Work instructions:
Please write out exactly the line containing "어쨌든 오목공원은 확실히" below and every line after it, through the last one, but leave out any pictures.

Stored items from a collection
--------------------------------------------------

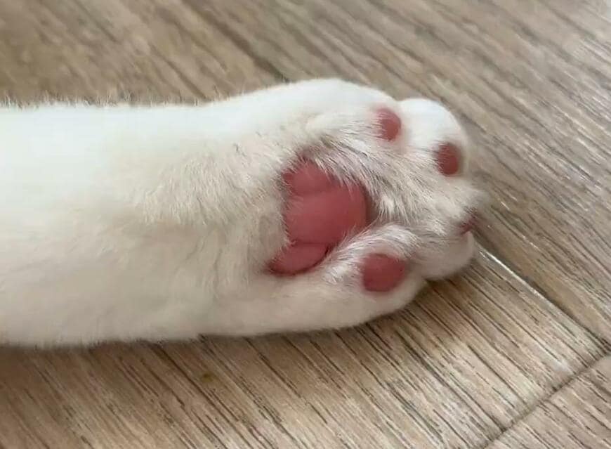 そこに写っているのは猫の女の子「おもちちゃん」。たっぷり遊んだ後のようで、温かそうな肉球はプニプニの状態に。猫好きさんにはたまらないワンショットですね。
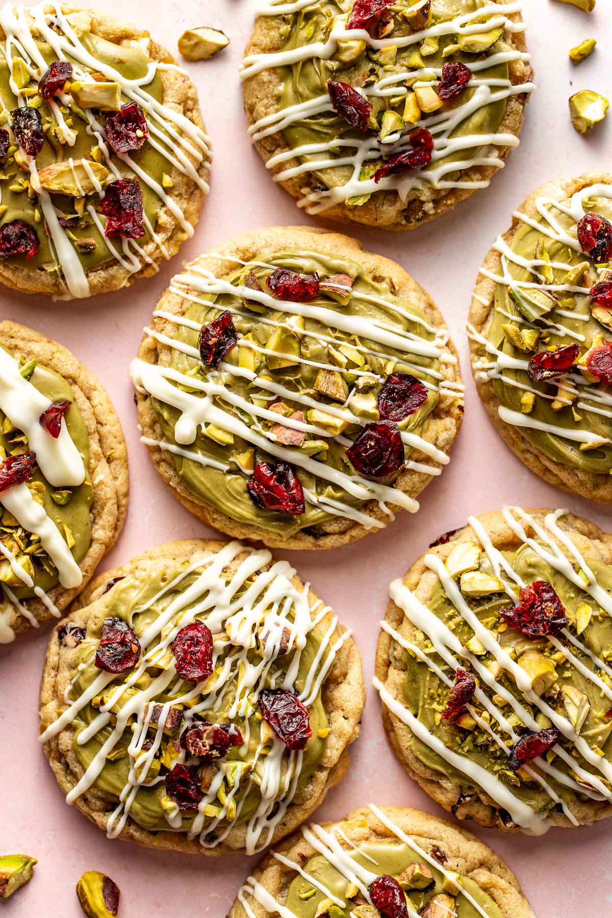 spoon some of the pistachio butter over each cookie, sprinkle with crushed pistachios and chopped dried cranberries for a festive touch and a drizzle of white chocolate.
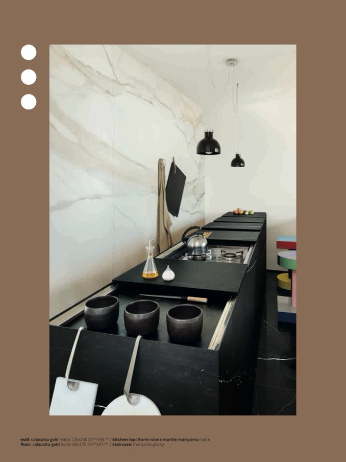 wall: calacatta gold matte 120x240 471/4”x941/2” / kitchen top: florim stone marble marquinia matt
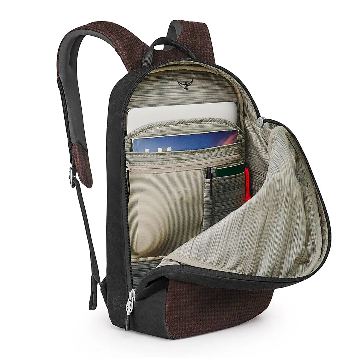 J字型に開くフロントパネルのデイパック。天然ウールとワックス加工キャンバスのクラシカルなテキスタイルを主役に据えた限定モデルです。16インチのラップトップも収納できる容量があります。整理整頓に便利な内部ジッパーポケットに加え、キーフック、薄型のウォーターボトルポケット、持ち物を固定する内蔵セルフロックフックなど、機能に富んだパックです。
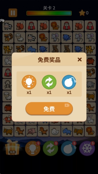 另外,在闯关的时候,点击画面左下方的礼物图标还能领取免费道具哦!要是碰到难关,不妨用道具来帮忙吧!
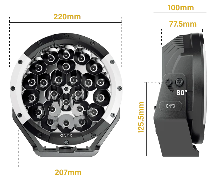 The XEN-9 GEN II is a 9" driving light that is designed with a 7.5mm thick stainless mounting bracket, which includes a rubber dampener to assist with vibration, ensuring a stable and secure mounting. The lights are also CISPR 25 Class 3 certified, producing zero radio or communication interference, ensuring uninterrupted communication while on the road.
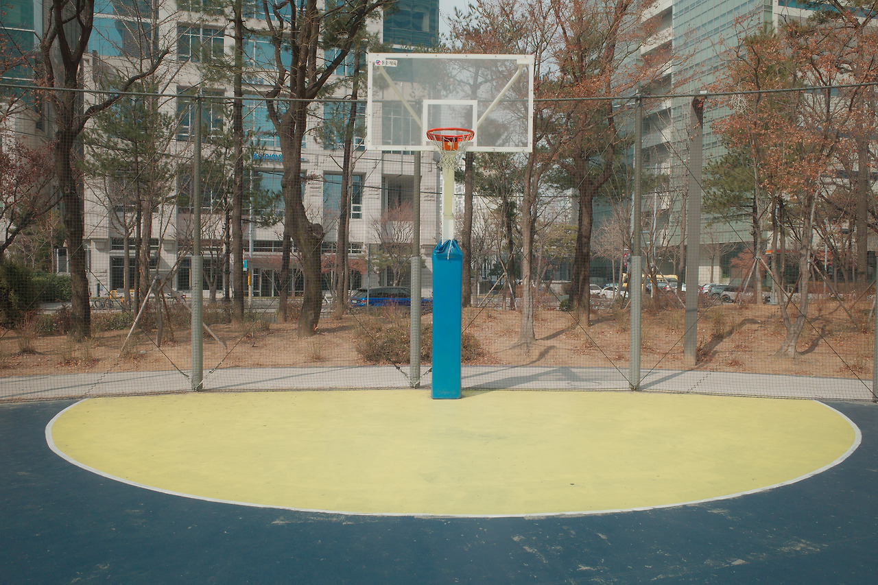 어쨌든 오목공원은 확실히 사회적 거리감을 존중한 공간이다. 1980년대의 정직한 도시계획 위에 2020년대의 섬세한 감정 설계가 더해진 이곳은, 거리감의 적정선을 물리적 공간으로 제안한다. 공원 중앙부에 놓인 정사각형 회랑 덮개, 4-5미터 정도 되어 보이는 2층 산책로의 폭원, 한 변의 길이가 40-50미터 정도 되어 보이는 네모난 잔디밭과 다섯 그루의 느티나무, 네이비색-레몬색의 농구장 공간과 분리된 일반 운동기구 공간—이 공원은 도시와 개인, 감정과 행동 사이의 이상적 거리감을 실험하는 공공 공간이다.
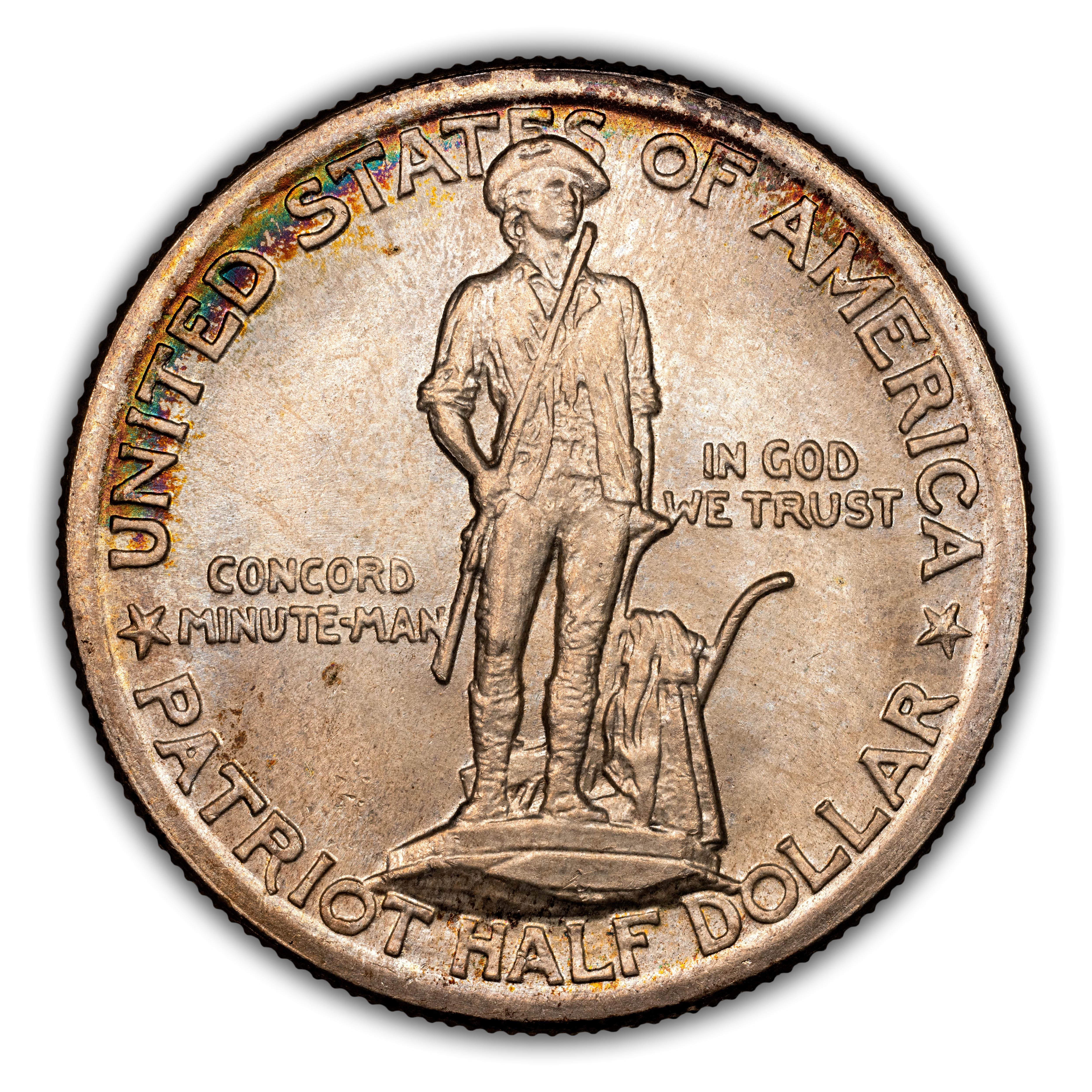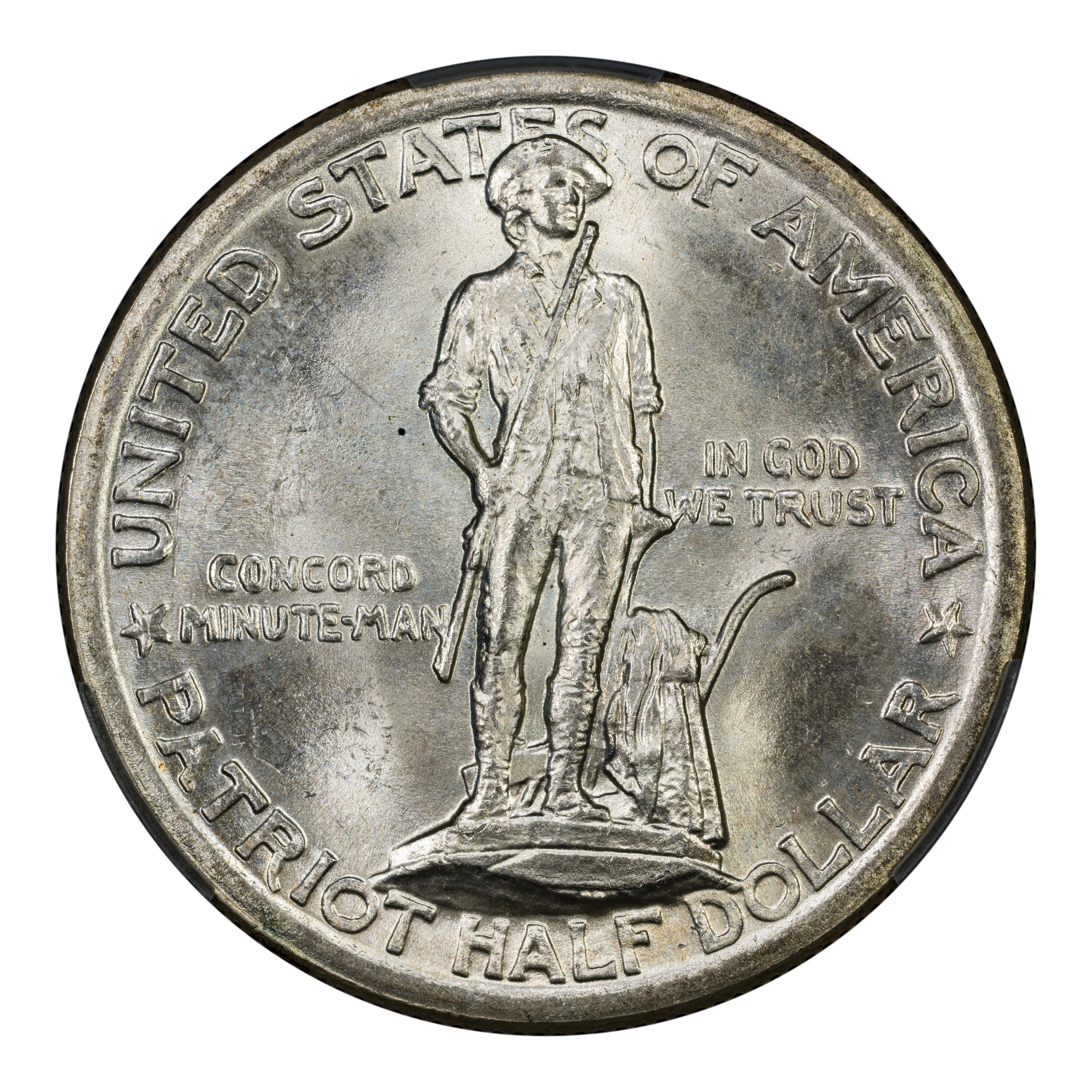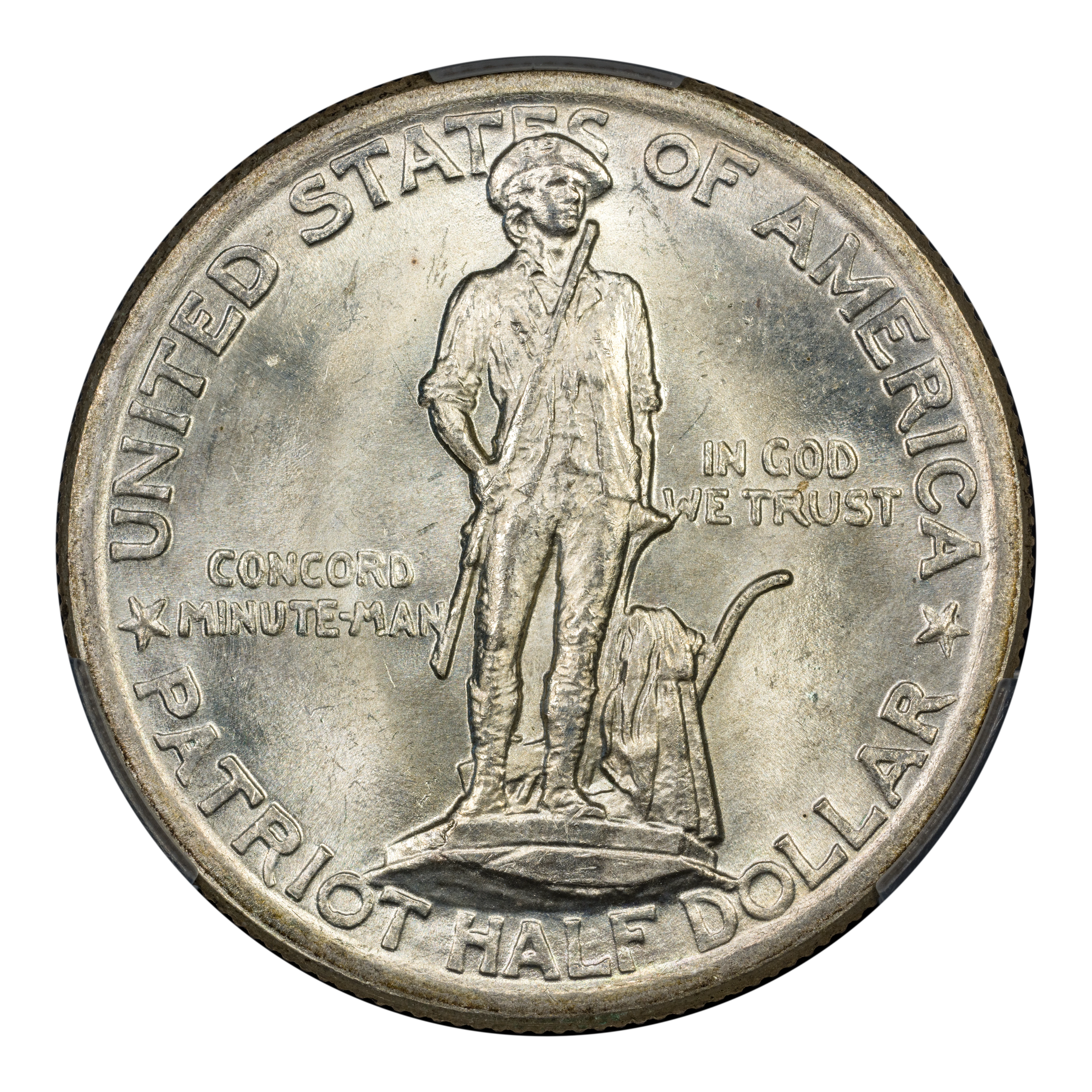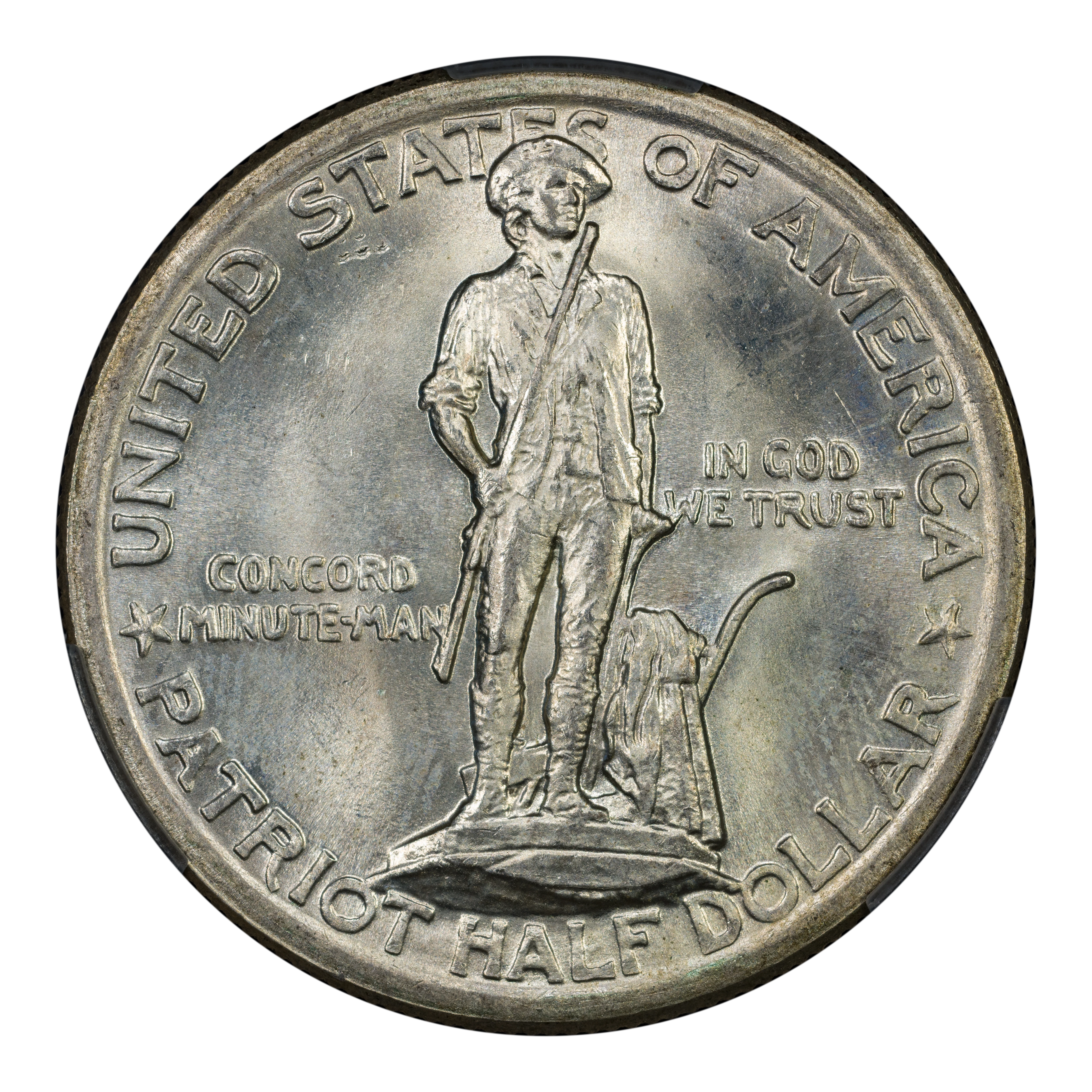 Lexington half dollars, designed by Chester Beach, are often found in the grades of MS63-65, and MS66s are scarce but available on the marketplace, while examples in higher grades are quite rare. Most uncirculated specimens carry lustrous surfaces and offer excellent eye appeal. One nuance of this coin is that some pieces show rub on the knee on the soldier as seen on the obverse, a detraction that can be avoided with some searching.

--------------------------------------------------

Answer area:
 어쨌든 오목공원은 확실히 사회적 거리감을 존중한 공간이다. 1980년대의 정직한 도시계획 위에 2020년대의 섬세한 감정 설계가 더해진 이곳은, 거리감의 적정선을 물리적 공간으로 제안한다. 공원 중앙부에 놓인 정사각형 회랑 덮개, 4-5미터 정도 되어 보이는 2층 산책로의 폭원, 한 변의 길이가 40-50미터 정도 되어 보이는 네모난 잔디밭과 다섯 그루의 느티나무, 네이비색-레몬색의 농구장 공간과 분리된 일반 운동기구 공간—이 공원은 도시와 개인, 감정과 행동 사이의 이상적 거리감을 실험하는 공공 공간이다.
 Lexington half dollars, designed by Chester Beach, are often found in the grades of MS63-65, and MS66s are scarce but available on the marketplace, while examples in higher grades are quite rare. Most uncirculated specimens carry lustrous surfaces and offer excellent eye appeal. One nuance of this coin is that some pieces show rub on the knee on the soldier as seen on the obverse, a detraction that can be avoided with some searching.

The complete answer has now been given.